• infuziSporg [e/em/eir]
    ·
    3 years ago

    to be more homogeneous.

    I have no idea where you're getting that from. It has nothing to do with "being homogenous", you're pulling that out of nowhere and shoving the words in my mouth. There are regions that have different factors that influence their production and markets, and that also have different class structures. It's plain old human geography. It is not such a complicated idea that, for instance, watersheds are more spontaneous/natural ways that people organize themselves, compared to latitudinal/longitudinal rectangles.

    Granted, we do see some state borders that are formed by rivers and mountains. Those are the more stable ones.

    You seem to be pretty confident that if the federal government (and armed forces) collapsed, that the factors that caused this would leave the state governments untouched. I guarantee you that many state governments (if not the majority of them) are way less stable than the federal government. And you seem to take it for granted that not only would the National Guard be in full operational order, but also ready and willing to engage in battle with and fire on their own citizens.

    Let me give you a hypothetical if you want to knock it out. Federal government dissolves or weakens, and then the eastern 2/3 of both Washington and Oregon secede from their respective states. What happens next? Do the governments in Olympia and Portland engage in military campaigns to bring back the status quo ante of imaginary lines on a map?

      • infuziSporg [e/em/eir]
        ·
        3 years ago

        Okay, then explain exactly what you mean by the 11 nations argument.

        There are connections between places, largely resulting from terrain and biomes and climate, that matter much more than imaginary straight lines on a map. People naturally associate with others in their locality (<50 mile radius or so). For associations beyond that, geography matters much more than arbitrary straight lines. In the case of Africa which is not united by a single language, language is another thing that influences how close the association between neighboring countries is. If you were to forget the associations that American history primes you with, and then look at the physical map of the continent, you probably wouldn't divide it up the way it is now. You'd probably have the Appalachians separate from the east coast, and split each coast up into at least 2 parts at the climatic dividing line. You'd also see a continuity between the Rio Grande valley and northern Mexico. American Nations is one of the books that helped me develop a constructivist understanding of geography and anthropology instead of an essentialist one understanding.

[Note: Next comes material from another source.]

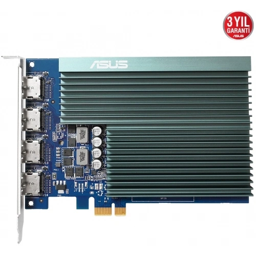 Asus GeForce GT 7304 HDMI yuvası ve pasif soğutması ile birlikte ASUS GeForce GT 730, çoklu monitör kullanımını ve sessiz çalışmayı aktif hale getiriyor.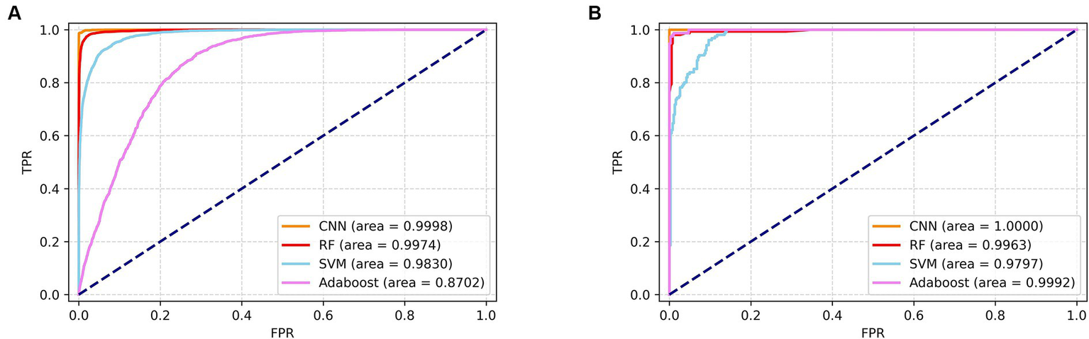 In this study, the analysis of SERS spectral data was conducted using four distinct machine learning methods: convolutional neural network (CNN), random forest (RF), support vector machine (SVM), and Adaboost. The performance of these algorithms was rigorously evaluated based on their accuracy (ACC), precision (Pre), recall, and F1 scores. The results, as detailed in Tables 3–6, provide a comprehensive overview of the algorithmic analyses. Table 3 highlights that the CNN exhibited the most exceptional performance in classifying the SERS spectra of seven bacterial species obtained through differential centrifugation. The CNN achieved an accuracy of 98.68%, a precision of 98.71%, a recall of 98.68%, and an F1 score of 98.67%. Table 4 shows that the CNN model also outperformed others in classifying the SERS spectra of the same seven bacterial species when obtained through erythrocyte lysis, with an accuracy of 95.75%, a precision of 94.92%, a recall of 95.75%, and an F1 score of 95.14%. A comparison of the results presented in Tables 3, 4 reveals that the CNN consistently demonstrated superior classification performance across the board, suggesting its efficacy in prognostication for pathogenic bacteria. Moreover, the data indicate that differential centrifugation is a more effective technique for the separation of bacteria from positive blood culture bottles when compared to erythrocyte lysis.

        Why would the guard, who does not depend on the fed, suddenly collapse?

        Because the state governments are not independent of the federal government, and more importantly, the factors that would collapse the fed would also put very heavy strain on the states. You're assuming a situation that's like a person being killed by an explosion, but their brain and heart and lungs and stomach and liver and intestines all staying intact. What rips apart the whole is going to rip apart (at least some of) the components.

        I would almost guarantee that any state apparatus would be more than willing to kill and suppress protesters in the event of a federal collapse.

        Why would they do it to keep the imaginary line in place though? What matters is securing population centers and resource flows.

        [Oregon] would not hesitate to kill some traitorous rural farmer.

        The Great Basin is too dry for farming. Between the eastern edge of the Great Plains (concentrations of population in a north-south belt across SD, NE, IA, KS, MO, and OK) and the Western Rockies, you either have extremely unsustainable megafarms, or tiny individuals hanging on here and there, or nothing at all. The Malheur standoff was over grazing rights. I think you'd do well to read stuff about geography.